The point is never how many hours in a day I work. If I work eight hours and hate it, I’m hustling and working hard, but if I’m working eight hours and loving it, completely unaware of where the time went, I’m in flow.
The hours are the same, but the experience is entirely different.
For me, the difference is knowing when I’m hustling or “working hard” and when I’m in flow. And lately, I’ve been observing that I have three to four hours of flow, while the rest of it it just hard work for the sake of hard work.
A bad habit, really.
Or a bad mindset.
One that I was taught, that you’ve probably been taught, and that most of us have internalized as a culture and society.
Even though I don’t want to suffer for my art, I want the world to believe that I suffered for my art.
And so I (subconsciously) create that suffering sometimes, so people won’t point to me and say, oh it came so easily for her.
The more failures I can list out for you before I get to my success, the more worthy I can convince myself that I am, the more worthy I can convince you that I am, the more I can enjoy my success guilt free.
And the truth is, deny it as you might, you absolutely buy into the idea that success that comes from hard work and repeated failure is “earned” while success that comes easily, quickly, and without much effort, isn’t.
It’s why you create struggle for yourself.
It’s also why we as a society judge people so harshly when they rise to fame for “doing nothing.” (Side note: No one rises to fame for doing nothing.
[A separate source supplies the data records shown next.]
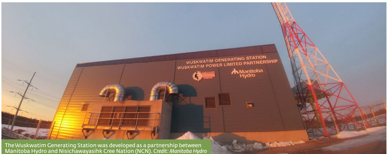
The Wuskwatim Generating Station was developed as a partnership between Manitoba Hydro and Nisichawayasihk Cree Nation (NCN).

In addition, NCN was involved in all stages of project planning and design, including joint management of
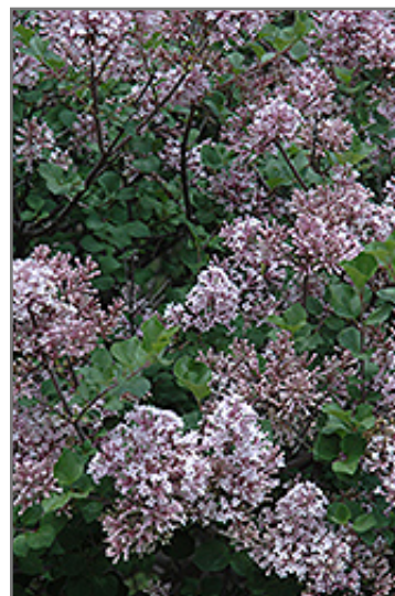
Dwarf Korean Lilac flowers

Dwarf Korean Lilac is recommended for the following landscape applications;
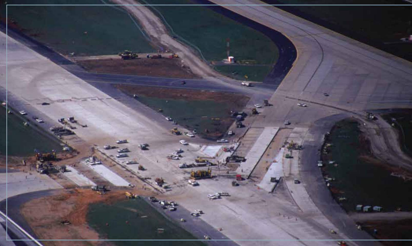
Hartsfield-Jackson International Airport Atlanta, GA USA
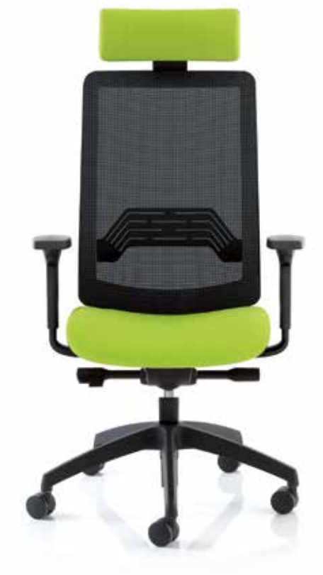
The mesh AFFINITi task chair features an optional adjustable lumbar support.
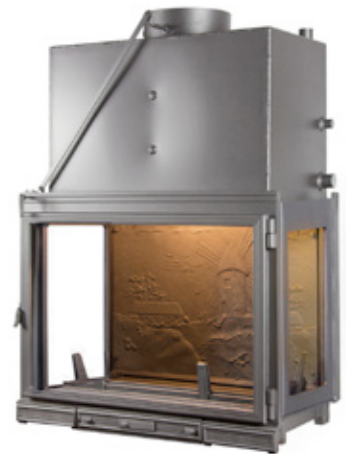
Multivision Hydro80 3V
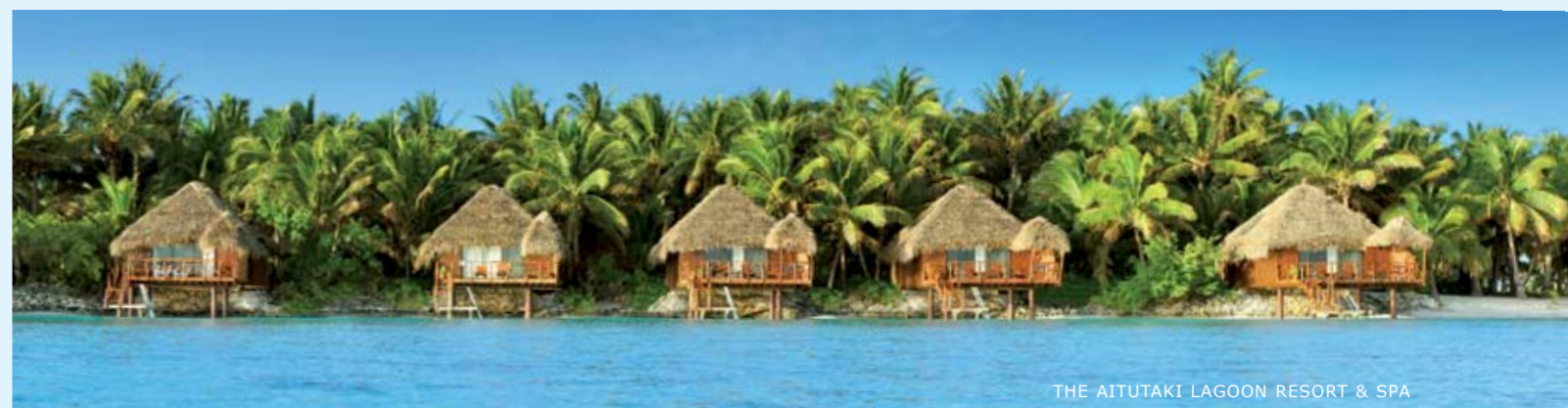
THE AITUTAKI LAGOON RESORT & SPA

Take your next meeting of the minds on location to Paradise, to the two best-located resorts in the Cook Islands.

They just haven’t done enough of what you believe should have been done.)
The problem, when you judge other people for these things, is that what you’re really doing is solidifying that belief in yourself.
As long as you judge other people for having it easy, you’ll never allow yourself to have it easy or sabotage that ease when it comes.
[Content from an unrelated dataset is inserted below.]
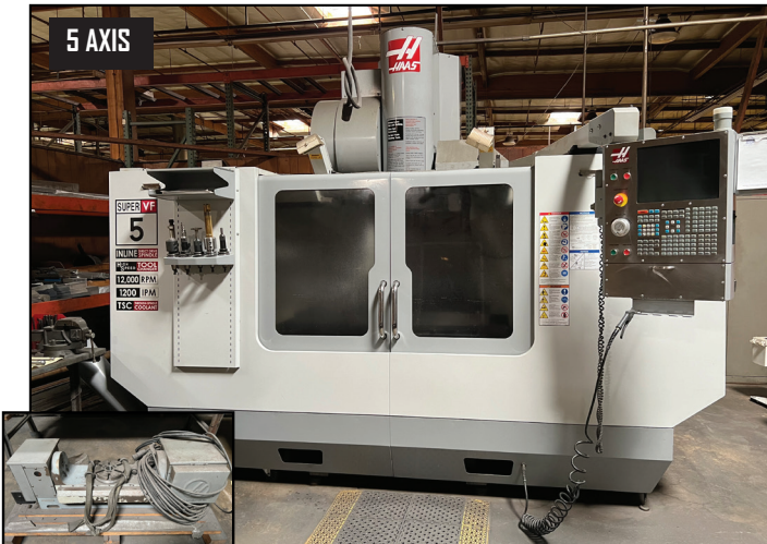
2009 Haas Super VF-5SS 5-Axis CNC Vertical Machining Center s/n 1072767 w/ Haas Controls, Hand Wheel, 24-Station Side Mount ATC, CAT-40 Taper Spindle, 12,000 RPM, Inline Direct Drive Spindle, 1200 IPM, TSC Thru Spindle Coolant, High Speed Machining, 16mb Expanded Memory, Brushless "A" and "B" Axes, Rigid Tapping, Coordinate Rotation and Scaling, Macros, M19 Spindle Orientation, Second MOCON Board, Wireless Intuitive Probing System, Chip Auger, Coolant.
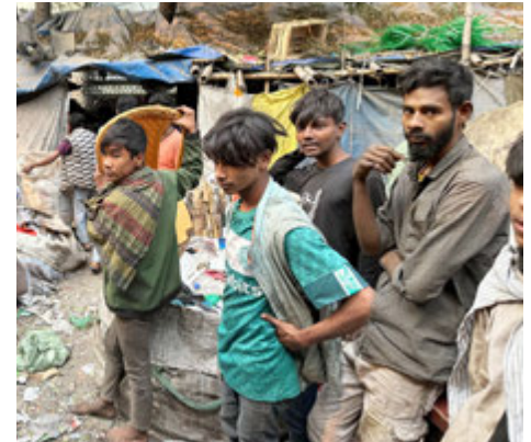
Slum boys living off gathered rubbish

In a home I visited in a slum area, I met a family of four living in a cramped space, barely six tatami mats in size, which included a kitchen and toilet. Many fathers work as bicycle rickshaw drivers, but half of their earnings are taken by the area controllers, leaving them with minimal income to support their families. Mothers contribute to the family income through home-based work, enabling them to afford housing in the low-rent area of the slum. For homeless people, having a roof over their head, even in such modest dwellings within the slum, represents a significant step forward and becomes one of their goals.

The hardest workers in our society are often the least paid and yet we continue to teach our children that if they work hard, they will be rewarded.
They won’t. They aren’t.
And I, for one, am done perpetuating the myths that have led to a sick society that does nothing but sabotage itself repeatedly.
Starting with my own life.
I’m not interested in suffering.
I’m not interested in working “hard.”
I’m so over trying to prove to you—or myself—why I am worthy of success.
I’m worthy because I choose to be.
And you are, too.
So I worked three hours yesterday and I’ll work about the same today. I’ll be in flow, which means I’ll work faster, better, and achieve a lot more because I’ll be focused.
And then, like I did yesterday, I’ll go lie on the beach for a while.
Because that’s the point of this, right?